Проснувшись, я с удивлением увидел, что рядом со мной сидит Джо и курит свою трубку. Когда я открыл глаза, он ласково мне улыбнулся.

– А я решил, Пип, – ведь в последний раз, так пой-ду-ка и я за тобой.

– Я очень рад, что ты так решил, Джо.

– Спасибо на добром слове, Пип.

– Знай, милый Джо, – продолжал я после того, как мы крепко потрясли друг другу руки, – что я тебя никогда но забуду.

– Конечно, Пип, конечно, – сказал Джо, словно успокаивая меня. – Я-то это знаю. Право, знаю, дружок. Да чего там, стоит немножко мозгами пораскинуть, это всякому станет ясно. Только вот мозгами-то пораскинуть я сначала никак не мог, очень уж все враз переменилось, верно я говорю?

Почему-то мне было не особенно приятно, что Джо так крепко на меня надеется. Мне бы понравилось, если бы он расчувствовался или сказал: «Это делает тебе честь, Пип», или что-нибудь в том же духе. Поэтому я никак не отозвался на первую часть его речи, на вторую же ответил, что известие это действительно явилось для нас неожиданностью, но что мне всегда хотелось стать джентльменом и я много, много раз думал о том, что бы я в таком случае стал делать.

– Да неужели думал? – удивился Джо. – Поди ж ты!

– Сейчас мне очень жаль, Джо, – сказал я, – что ты извлек так мало пользы из наших уроков; ты со мной не согласен?

– Вот уж не знаю, – отвечал Джо. – Я к ученью туповатый. Я только в своем деле мастак. Оно и всегда было жаль, что я туповатый, и сейчас жаль, но только не больше, чем… ну, хоть год назад!

Я-то имел в виду, что куда приятнее было бы, если бы Джо оказался более достоин моих милостей к тому времени, как я получу свое состояние и смогу для него что-то сделать. Однако он был так далек от правильного понимания моей мысли, что я решил лучше растолковать ее Бидди.

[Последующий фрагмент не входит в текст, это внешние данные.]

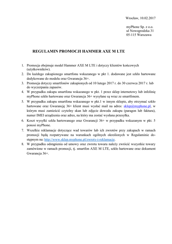 Wrocław, 10.02.2017 myPhone Sp. z o.o. ul Nowogrodzka 31 05-115 Warszawa REGULAMIN PROMOCJI HAMMER AXE M LTE 1. Promocja obejmuje model Hammer AXE M LTE i dotyczy klientów końcowych (użytkowników). 2. Do każdego zakupionego smartfonu wskazanego w pkt 1. dodawane jest szkło hartowane dedykowane do modelu oraz Gwarancja 36+. 3. Promocja dotyczy smartfonów zakupionych od 10 lutego 2017 r. do 30 czerwca 2017 r. lub do wyczerpania zapasów. 4. W przypadku zakupu smartfona wskazanego w pkt. 1 przez sklep internetowy lub infolinię myPhone szkło hartowane oraz Gwarancja 36+ wysyłane są wraz ze smartfonem. 5. W przypadku zakupu smartfona wskazanego w pkt.1 w innym sklepie, aby otrzymać szkło hartowane oraz Gwarancję 36+ klient musi wysłać mail na adres: [email protected], w którym musi zamieścić czytelny skan lub zdjęcie dowodu zakupu (paragon lub faktura), numer IMEI urządzenia oraz adres, na który ma zostać wysłana przesyłka. 6. Koszt wysyłki szkła hartowanego oraz Gwarancji 36+ w przypadku wskazanym w pkt. 5 ponosi myPhone. 7. Wszelkie reklamacje dotyczące wad towarów lub ich zwrotów przy zakupach w ramach promocji będą rozpatrywane na warunkach ogólnych określonych w Regulaminie dostępnym na: http://www.sklep.myphone.pl/zwroty-i-reklamacje. 8. W przypadku odstąpienia od umowy oraz zwrotu towaru należy zwrócić wszystkie towary zamówione w ramach promocji, tj. smartfon AXE M LTE, szkło hartowane oraz dokument Gwarancja 36+.

И вот, когда мы пришли домой и напились чаю, я вызвал Бидди в наш садик у проулка и, подбодрив ее для начала заверением, что никогда ее не забуду, сказал, что у меня есть до нее просьба.

– А состоит она в том, Бидди, – сказал я, – чтобы ты не упускала случая немножко пообтесать Джо.

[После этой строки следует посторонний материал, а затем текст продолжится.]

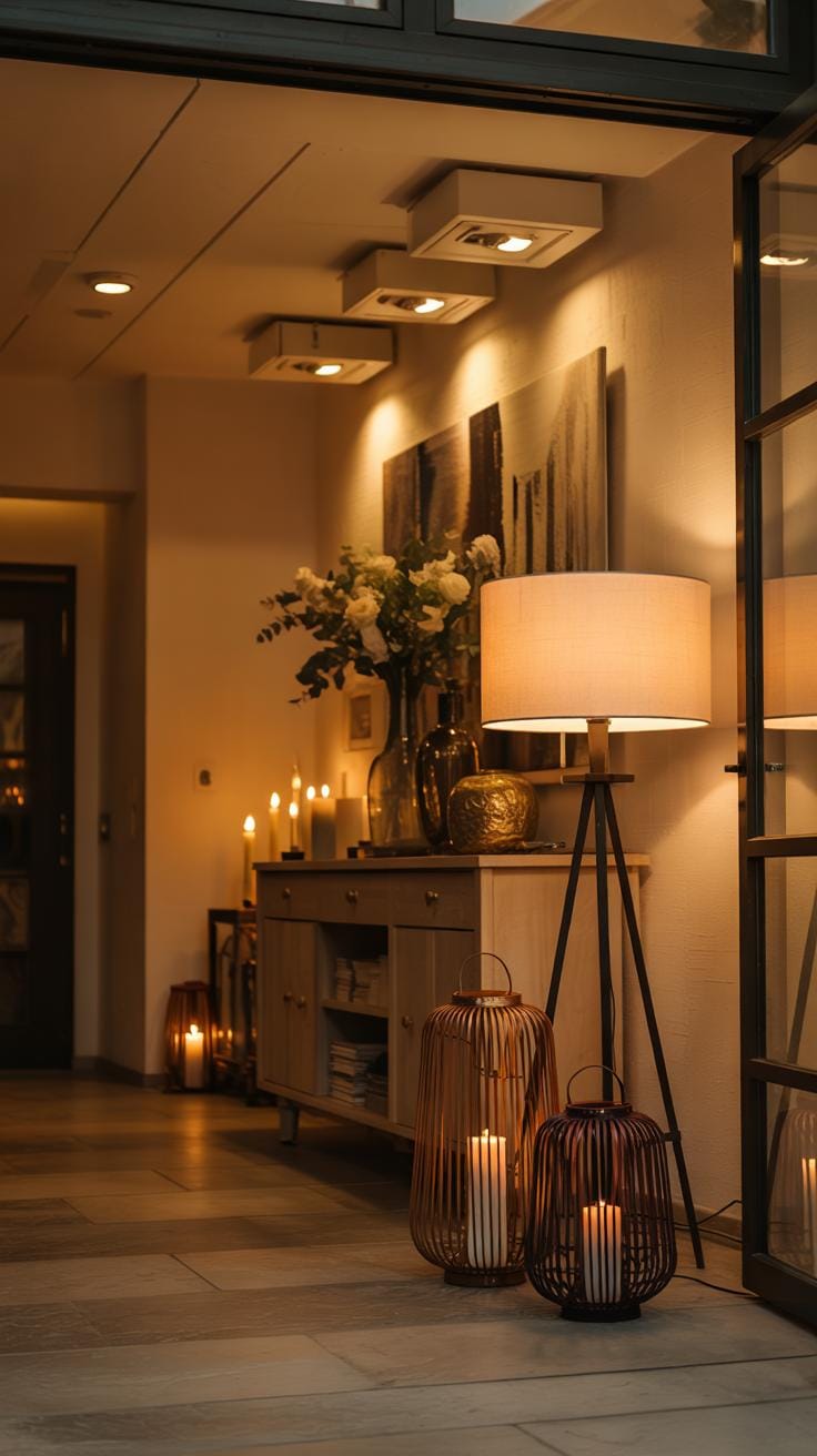 Wall sconces add warmth by casting soft, indirect light. Placing them near mirrors or art brings attention to those areas. Table lamps on a console add another dimension and offer task lighting for setting down items.

– Как это пообтесать? – спросила Бидди, бросив на меня внимательный взгляд.

– Ну, ты понимаешь, Джо – хороший, милый человек, лучшего я просто и не знаю, но в некоторых отношениях он немного отстал, Бидди. Скажем, в части учения и манер.

Хотя я, пока говорил, смотрел на Бидди и хотя, когда я кончил, она широко раскрыла глаза, но на меня она не смотрела.

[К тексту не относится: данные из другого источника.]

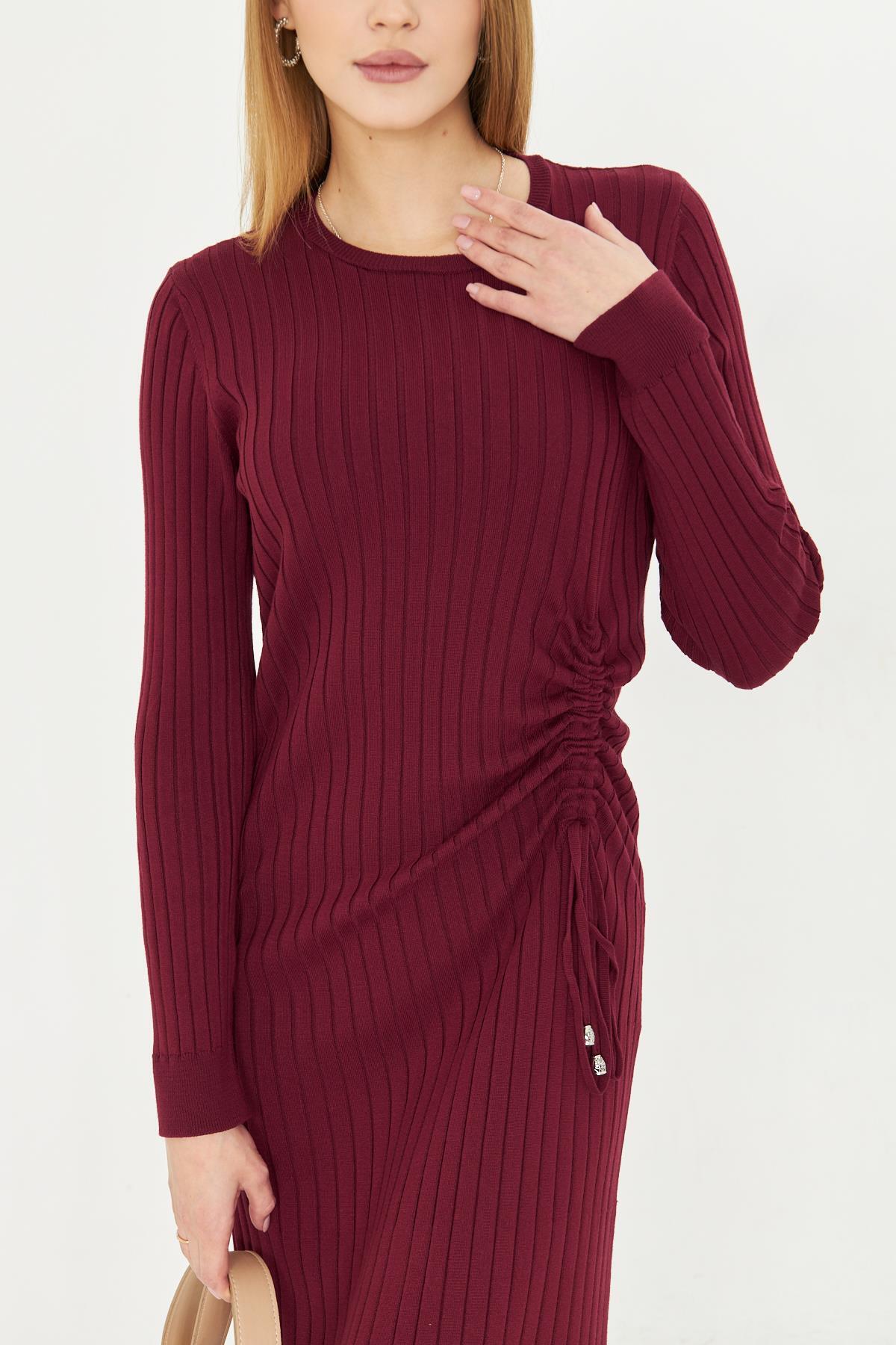 Kadın Bordo Büzgülü Fitilli Triko Elbise 29104 Kadın Bordo Büzgülü Fitilli Triko Elbise 29104 Standart

– Ах, манер! Значит, у него манеры недостаточно хороши? – спросила она, сорвав лист черной смородины.

– Здесь, милая Бидди, они достаточно хороши, но…

– Ах, здесь они, значит, достаточно хороши? – перебила меня Бидди, разглядывая сорванный лист.

– Ты не дала мне договорить: но если мне удастся ввести его в более высокие круги, а я надеюсь, что это мне удастся, когда я войду во владение своей собственностью, – такие манеры едва ли сделают ему честь.

– И ты думаешь, он этого не знает? – спросила Бидди.

Вопрос показался мне до того обидным (самому-то мне ничего подобного и в голову не приходило), что я огрызнулся:

– Что ты хочешь этим сказать, Бидди?

Прежде чем ответить, Бидди растерла лист между ладонями, – и с тех пор запах черносмородинового куста всегда напоминает мне этот вечер в нашем садике у проулка.

– А что он, может быть, гордый, об этом ты не подумал?

– Гордый? – переспросил я с подчеркнутым пренебрежением.

– Гордость разная бывает, – сказала Бидди, смотря мне прямо в лицо и качая головой. – Гордость не у всех одинаковая…

– Ну? Что же ты замолчала?

– Не у всех одинаковая, – повторила Бидди. – Ему, возможно, гордость не позволит, чтобы кто-то снял его с места, где у него есть свое дело, где он делает это дело хорошо и пользуется уважением. Сказать по правде, я думаю, что именно так и будет; впрочем, это, вероятно, очень смело с моей стороны: ведь ты должен бы знать его куда лучше, чем я.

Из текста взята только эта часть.